Nalia shook her head. “I don’t know.”
Standing in front of her again, Raif drew Nalia close before launching them into a dizzying reel as the music flowed seamlessly into the next dance. Her breath caught when her eyes snagged on his and Raif’s lips tugged up, ever so slightly. She looked away. Raif grabbed her wrist in a handhold and she cried out, her eyes watering with pain. He let go and lifted up Nalia’s sleeve. When he saw the extent of her bruising, he swore.
“He did this to you?”
“What do you care?” She pulled her hand out of Raif’s and yanked down her sweater.
“Nalia—”
“I’m fine.” Stop being so damn weak, she chided herself. What a pathetic excuse she was for a Ghan Aisouri. The mockery and contempt that was usually in Raif’s eyes had disappeared and in its place was . . . not quite pity, but something soft and yielding. She preferred his hatred.

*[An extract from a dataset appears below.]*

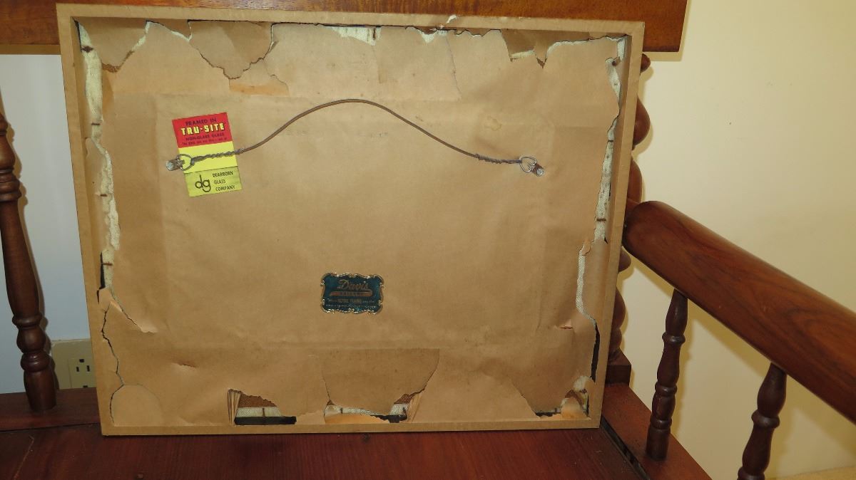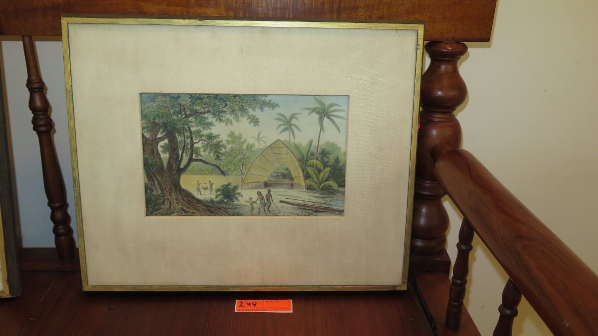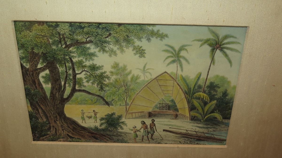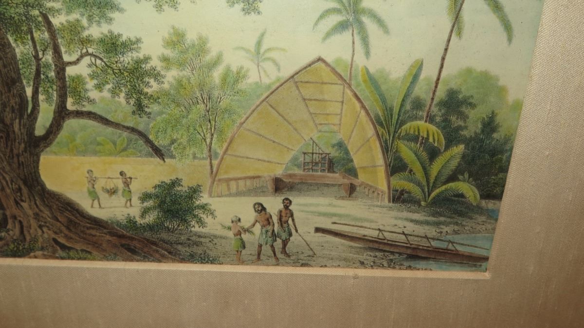 Framed Old Print - Depicting Hawaiian Village Scene & Canoe (framed 1958) 21X16

Nalia put her hands on his shoulders. “Now what the hell’s the next step?”
“Um . . .” Raif shook his head, at a loss. He looked past her at a nearby couple.
“Dip,” he said.
“What?”
He bent her backward toward the floor and Nalia relaxed her spine, somehow trusting that he wasn’t going to drop her on her head. Her eyes focused on the intricate lamps in the shape of teardrops and stars that hung in midair, orbs of light encased in purple, green, and red glass. The light threw shards of color all over the dancers.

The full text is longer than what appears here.